**EXERCISE INSTRUCTIONS:**
Every record should be copied exactly, except that pictures are to be omitted.

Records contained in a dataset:

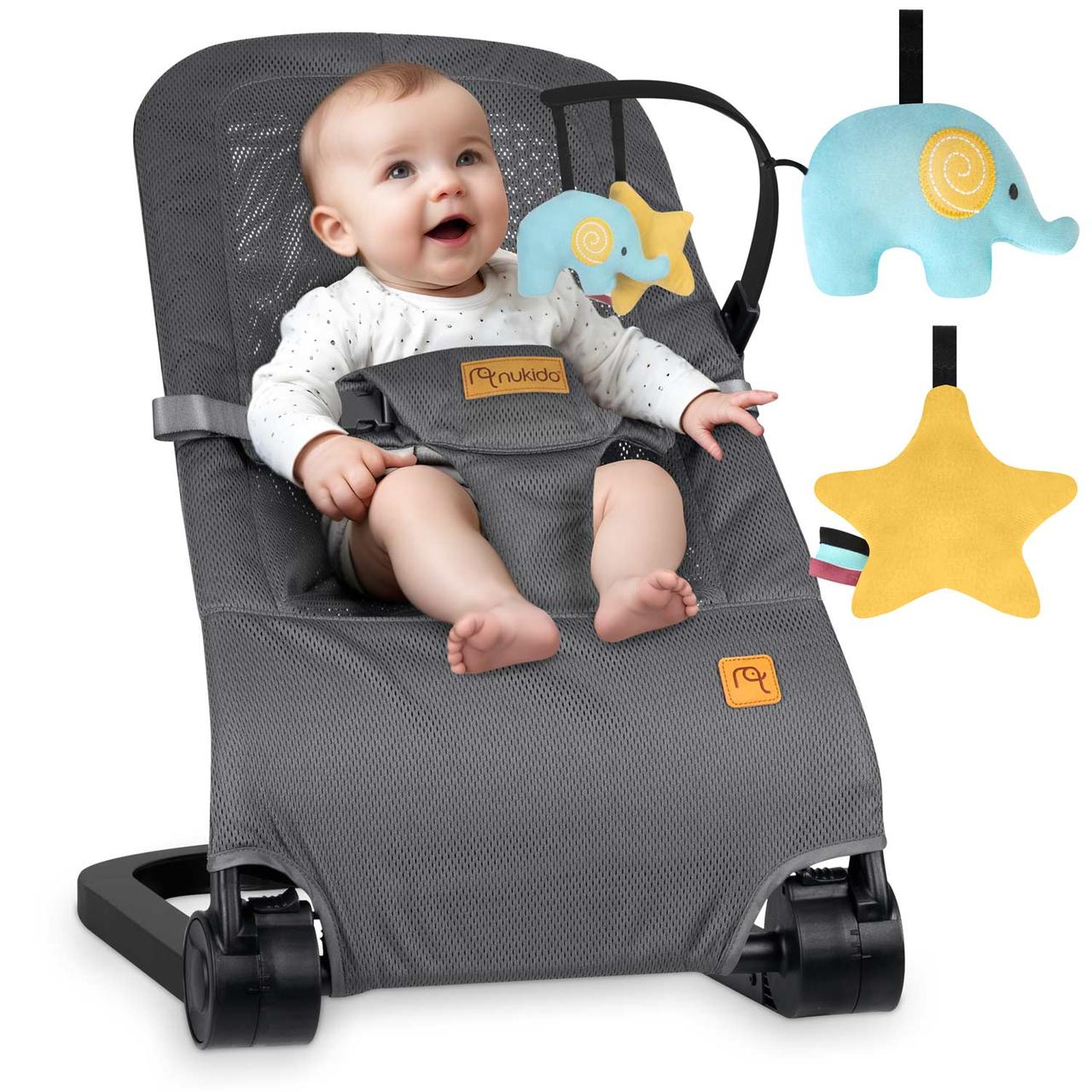 Крісло-гойдалка для немовлят Nukido з іграшками, 72 х 45,5 х 41-62 см - сіра
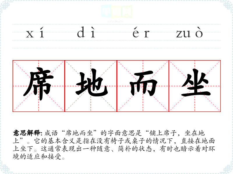 成语“席地而坐”的字面意思是“铺上席子,坐在地上”。它的基本含义是指在没有椅子或桌子的情况下,直接在地面上坐下。这通常表现出一种随意、简朴的状态,有时也暗示着对环境的适应和接受。
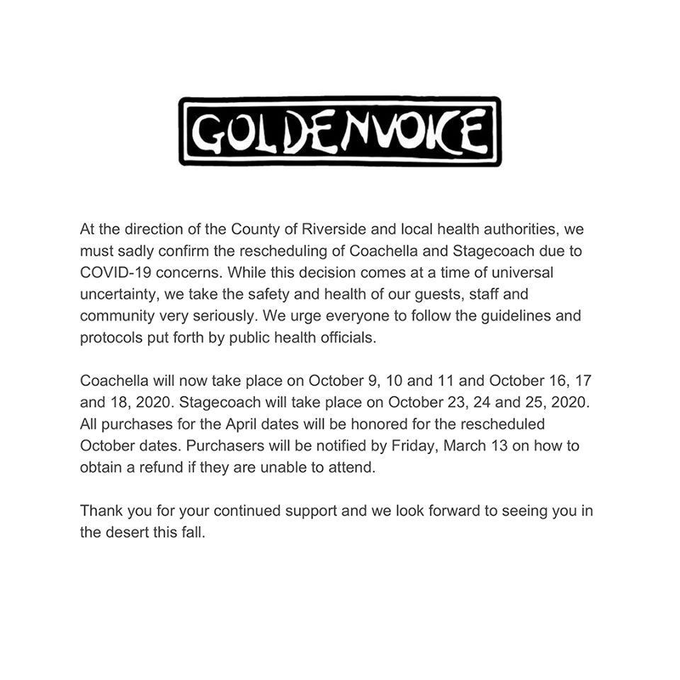 Το Coachella που ήταν προγραμματισμένο για τα σαββατοκύριακα 10-12 και 17-19 Απριλίου, θα πραγματοποιηθεί τελικά στις 9-11 και 16-18 Οκτωβρίου όπως ανακοίνωσαν οι διοργανωτές του μεγάλου διάσημου μουσικού φεστιβάλ.
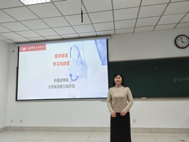 李宪美的讲座主要围绕医学英语学习展开。通过探讨医学词汇的特征与构成,以及长难句分析与翻译,让学生对医学英语的特点有了更深刻的认识,对医学英语的学习也更加有信心。
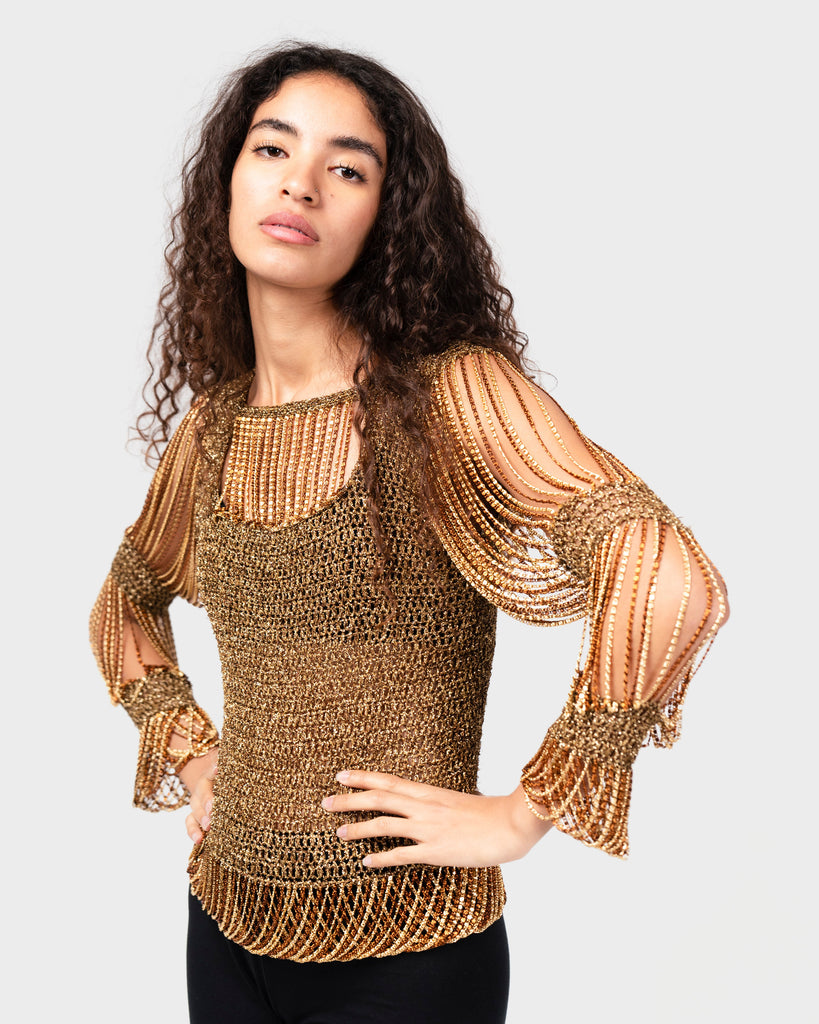 Gold metal chain and lurex knit

**SOLUTION BELOW:**
 Крісло-гойдалка для немовлят Nukido з іграшками, 72 х 45,5 х 41-62 см - сіра
 成语“席地而坐”的字面意思是“铺上席子,坐在地上”。它的基本含义是指在没有椅子或桌子的情况下,直接在地面上坐下。这通常表现出一种随意、简朴的状态,有时也暗示着对环境的适应和接受。
 Το Coachella που ήταν προγραμματισμένο για τα σαββατοκύριακα 10-12 και 17-19 Απριλίου, θα πραγματοποιηθεί τελικά στις 9-11 και 16-18 Οκτωβρίου όπως ανακοίνωσαν οι διοργανωτές του μεγάλου διάσημου μουσικού φεστιβάλ.
 李宪美的讲座主要围绕医学英语学习展开。通过探讨医学词汇的特征与构成,以及长难句分析与翻译,让学生对医学英语的特点有了更深刻的认识,对医学英语的学习也更加有信心。
 Gold metal chain and lurex knit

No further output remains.